• **Given material**
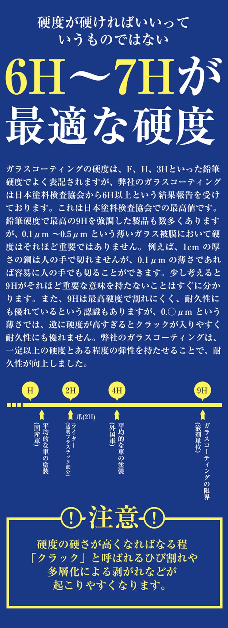 Our glass coating has received a result report from the Japan Paint Testing Association that it is 6H or more.
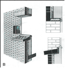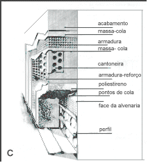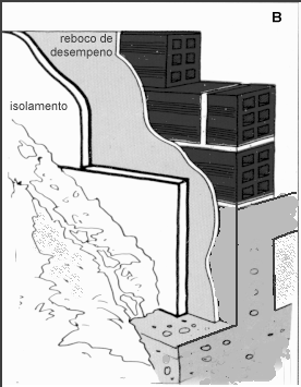 A camada de material isolante pode ainda ser colocada pelo interior ou pelo exterior de paredes simples. Tal como se mostra na Figura 5C, o isolamento de paredes pelo exterior tem que ser protegido por redes e perfis incorporados na massa rígida de acabamento, devido à fraca resistência mecânica dos isolantes leves. A sua aplicação é pois, problemática em fachadas muito recortadas, com muitos vãos, mas pode ser vantajosa nos outros casos e, designadamente, em recuperações.
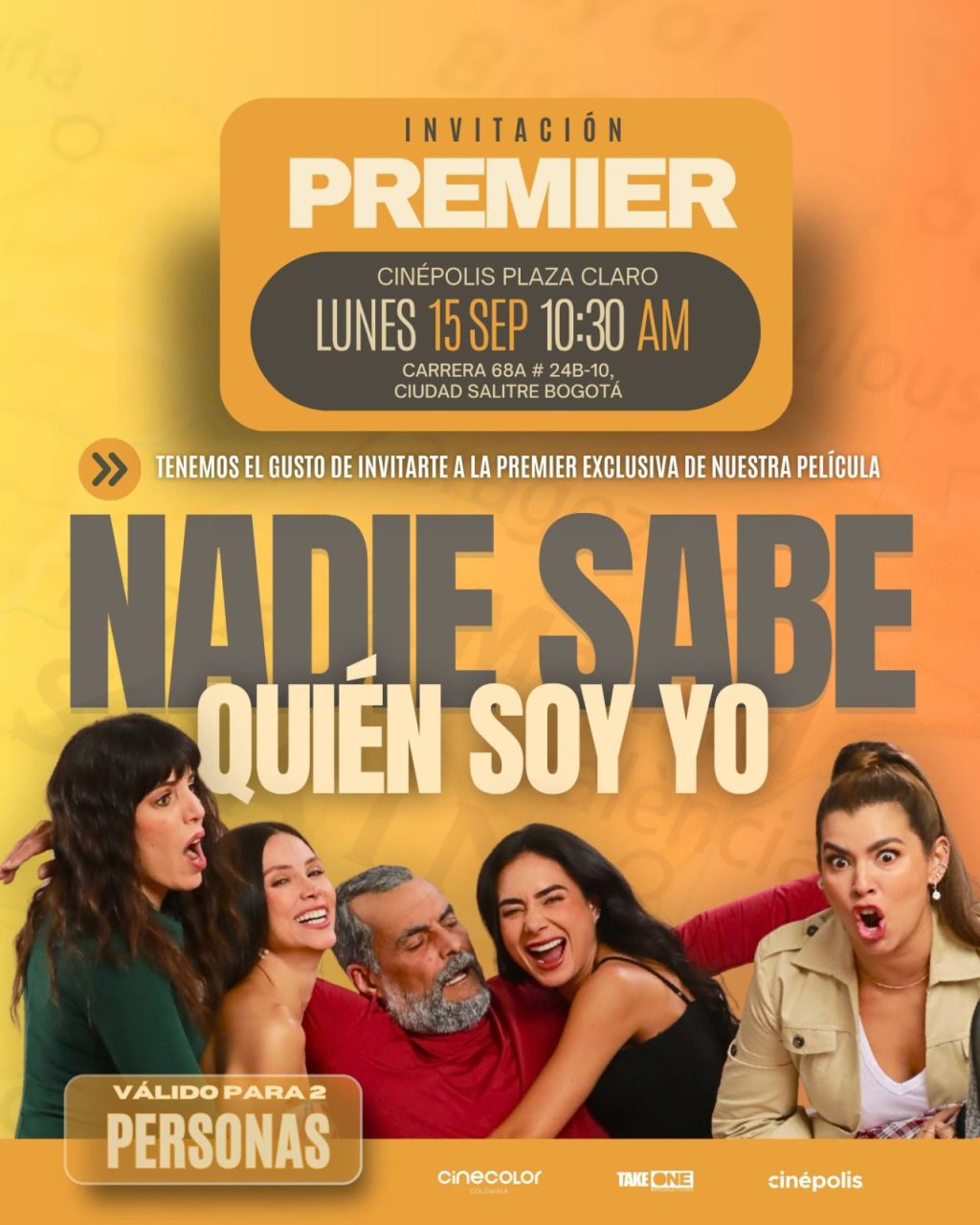 La comedia colombiana Nadie Sabe Quién Soy Yo se estrenará en todos los cines del país el 18 de septiembre de 2025, bajo la distribución de Cinecolor Colombia. Esta hilarante producción promete conquistar al público con enredos, amistad y secretos en una historia llena de humor y sátira.

• **What is expected**
Every line from the start of the listing above through the line with "A camada de" should be repeated exactly; skip the pictures and add nothing else.

• **Result for this exercise**
 Our glass coating has received a result report from the Japan Paint Testing Association that it is 6H or more.
 A camada de material isolante pode ainda ser colocada pelo interior ou pelo exterior de paredes simples. Tal como se mostra na Figura 5C, o isolamento de paredes pelo exterior tem que ser protegido por redes e perfis incorporados na massa rígida de acabamento, devido à fraca resistência mecânica dos isolantes leves. A sua aplicação é pois, problemática em fachadas muito recortadas, com muitos vãos, mas pode ser vantajosa nos outros casos e, designadamente, em recuperações.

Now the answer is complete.